Closed ifokkema closed 1 year ago
For every transcript mapping provided, VV mentions dozens of warnings about other reference sequences that have a new version. E.g., for NM_001159508.1:c.153+515del, I get (shortened JSON):
Yeah. That's on my radar. Thanks for opening this
OK, I can deal with VV being focused on transcripts
Not really. It is genome/transcript based. RefSeqGenes are kind of a side-show because they are poorly maintained by RefSeq. To be honest, RefSeq don't really appear to believe in them, especialy since LRG died off! If they don't create good data, we are limited, so the following workflow I believe was chose (although I would have to check)
RefSeqGene to a transcript, then to the genome build, then to all overlapping transcripts.
This was requested by clinicians who were fed up with not being able to map RSG variants to the transcripts they actually wanted and (like LRG) were fed up that barely any transcripts are annotated in RefSeq Gene records.
I really don't want to spend too much time on this, (OPTION 1) but I could perhaps add code that takes the argument select_transcripts=refseqgene which would only return the variant in the context of transcripts that actually are annotated to the specified RSG derived description. The output would be like this
https://rest.variantvalidator.org/VariantValidator/variantvalidator/GRCh38/NG_011986.1%3Ag.6001del/NM_002225.3?content-type=application%2Fjson. The advantage here would be that you would get a faster response, but you would not get mappings to any transcripts not annotated in the variant description.
Alternatively, (OPTION 2) I could filter out all results where hgvs_refseqgenevariant is not "", or pre-filter for mappings from / to a NG which would achieve the same but be loads quicker. It would look like this for this particular variant https://rest.variantvalidator.org/VariantValidator/variantvalidator/GRCh38/NG_011986.1%3Ag.6001del/NM_002225.3%7CNM_002225.5?content-type=application%2Fjson
What do you fancy????
VV doesn't really support NG variants, and if it sort of works
Er, we are thinking of dropping support for RefSeqGenes and LRGs, but will keep it since we have a good use case!-
Either restrict the output to transcripts mapping on the NG, allowing me to find my input easily. Or, allowing NG variants through the VF and LOVD endpoints, where I can turn off mapping and just validate the variant.
Technically, this is the case, you should just have to loop through for hgvs_refseqgene_variant is not "", but as I said above, this is not ideal. I have provided a couple of better options.
Can think about adding this to LOVD. Shouldn't take much additional coding once VV has been updated with one of the options.

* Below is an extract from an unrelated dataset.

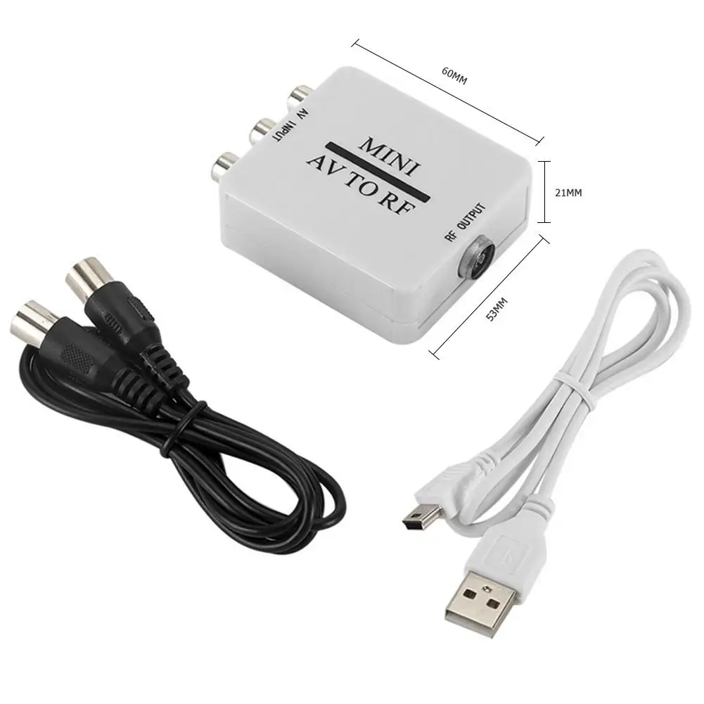 1. Мини HD видео конвертер коробка RCA AV CVSB к RF видео адаптер конвертер поддерживает RF 67,25 MHz 61,25 MHz AV к RF zoom TV switcher. 2. Преобразователь сигнала Micro AV в RF преобразует видеосигнал или аудиосигнал в композитный видеосигнал RF и аудиосигнал, а также поддерживает вспомогательный сигнал DVI системы. Для воспроизведения по телевизору, видеомагнитофону VHS, dvd-рекордеру и т. Д. 3. Нет необходимости устанавливать драйвер, портативный, гибкий, подключи и работай. 4. Низкое энергопотребление, без адаптера питания. Характеристики: Входной интерфейс: 1 RCA Выходной интерфейс: 1 X RF Частота RF: 67,25 МГц, 61,25 МГц Материал: пластик Цвет: белый Размеры: 60X53X21 мм/2,36X2,09X0,83'' Длина линии электропитания: 60 см/23,62 дюйма RF линия Длина: 1,1 м/3,61 ft Примечания: 1. Из-за различных настроек монитора и светильник эффект, фактический цвет элемента может быть s светильник ly отличается от цвета, представленного на снимках. Спасибо! 2. Возможны отклонения в 1-3 мм вследствие измерений вручную.

Er, we are thinking of dropping support for RefSeqGenes and LRGs, but will keep it since we have a good use case!-
Hehe, well, there's a reason that I haven't run into this yet :wink: If LRGs and NGs were to be deprecated, then we can stop having to worry about them. But until that point, I think we're sort of forced to accept them :unamused:
What do you fancy???? (...) Can think about adding this to LOVD. Shouldn't take much additional coding once VV has been updated with one of the options.
If this would be an option, that would have my preference! Since the LOVD endpoint can turn off pretty much everything, I can then just have the variant validated and forget about the rest. If I would ever really need mapping to the genome or so, I would be fine using the transcript from the NG for that with a second request.

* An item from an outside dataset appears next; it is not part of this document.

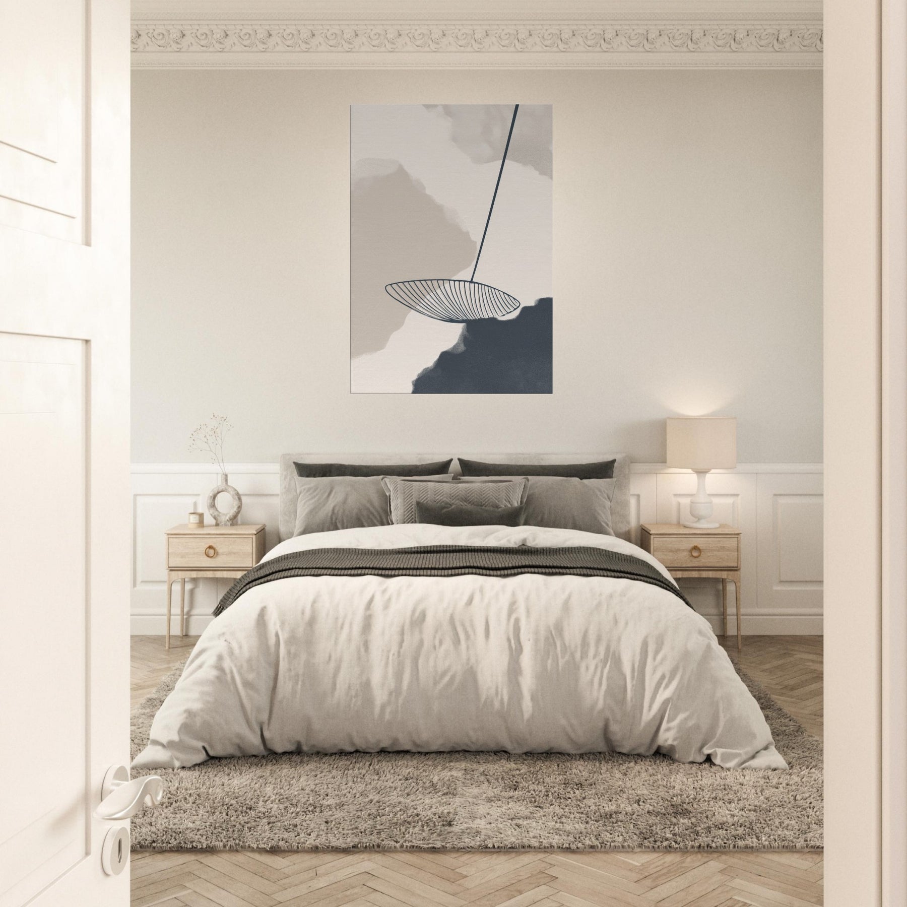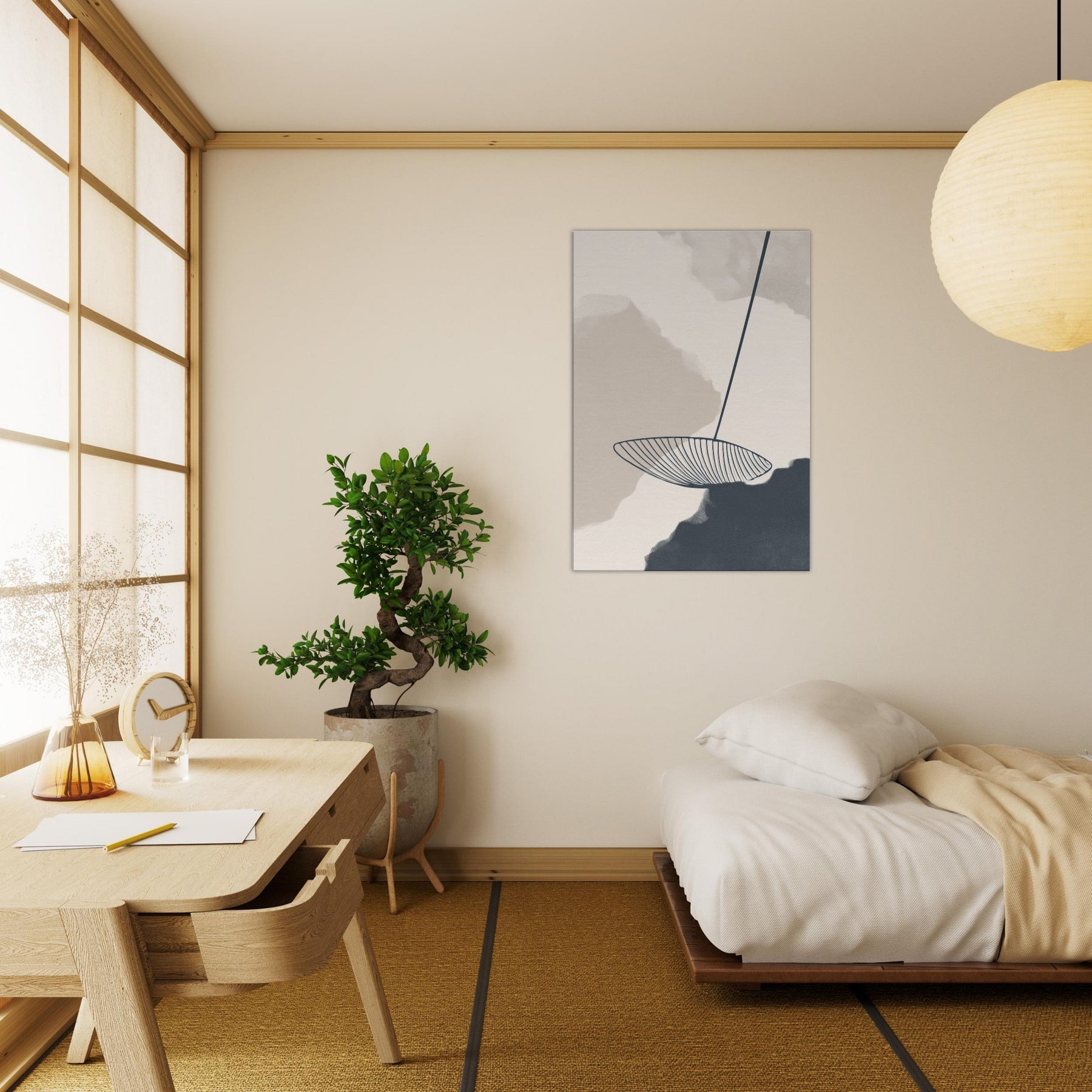 Calm, uncluttered lines trace a quiet horizon in Zen Garden Rake Lines. This minimalist composition invites a contemplative stillness, as if the rake's arc awakens the garden's memory in soft monochrome fields. The atmosphere feels meditative, bathed in gentle shadows that glow at dusk, making any wall a sanctuary. Place it in a living area, bedroom, or study to cultivate clarity, balance, and a subtle sense of movement nature distilled into a single, elegant gesture.

Otherwise, if the extension of VF/the LOVD endpoint isn't feasible, then I believe the select_transcripts=refseqgene
option would be best as it'll result in the fastest execution of VV, focusing only on the transcript(s) in the NG file.
I see, by the way, that the same applies to LRGs.

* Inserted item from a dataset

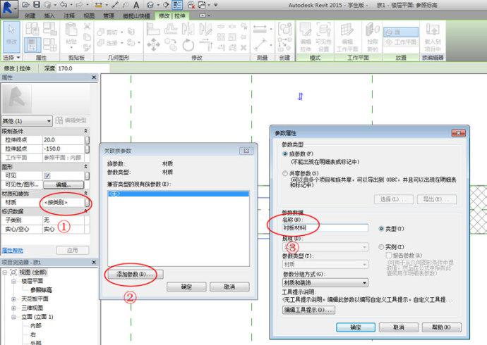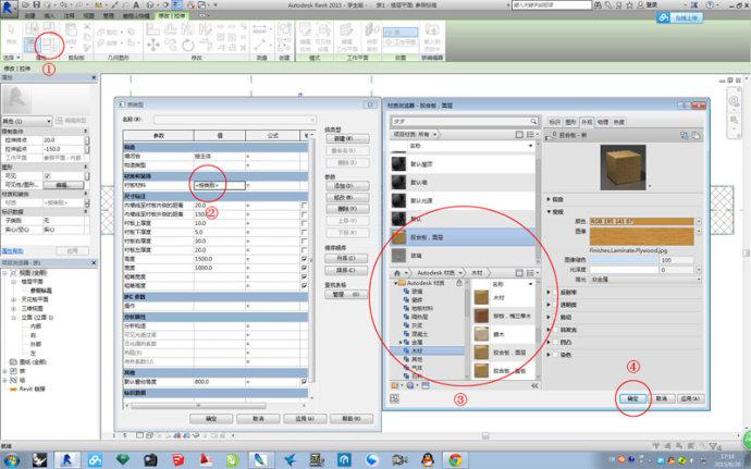 11. 在“屬性”中添加材料屬性,然后進入“族類型”添加材料,按“確定”。這樣襯板就完成了。

If this would be an option, that would have my preference! Since the LOVD endpoint can turn off pretty much everything, I can then just have the variant validated and forget about the rest. If I would ever really need mapping to the genome or so, I would be fine using the transcript from the NG for that with a second request.
Sorry, I was not clear. You need to pick a VV update option, then once I have fixed VV, I can integrate it into VF/LOVD. I think select_transcripts=refseqgene
is the way to go, but do we focus on the single RefSeqGene submitted (OPTION1), or do you want liftover onto updated RefSeqGenes etc??? Or onto overlapping RefSeqGenes (OPTION 2)? I don't mind which option. We could perhaps do option 2 for VV and in VF add the additional parameter of liftover=true/false just as we do with genome buids???
I see, by the way, that the same applies to LRGs.
That's true, because we do not hold any LRG records, all LRGs are in facr RefSeqGenes but with 3rd party annotation ;P
Sorry, I was not clear. You need to pick a VV update option, then once I have fixed VV, I can integrate it into VF/LOVD. I think
select_transcripts=refseqgene
is the way to go (...)
Yes, I agree!
but do we focus on the single RefSeqGene submitted (OPTION1), or do you want liftover onto updated RefSeqGenes etc???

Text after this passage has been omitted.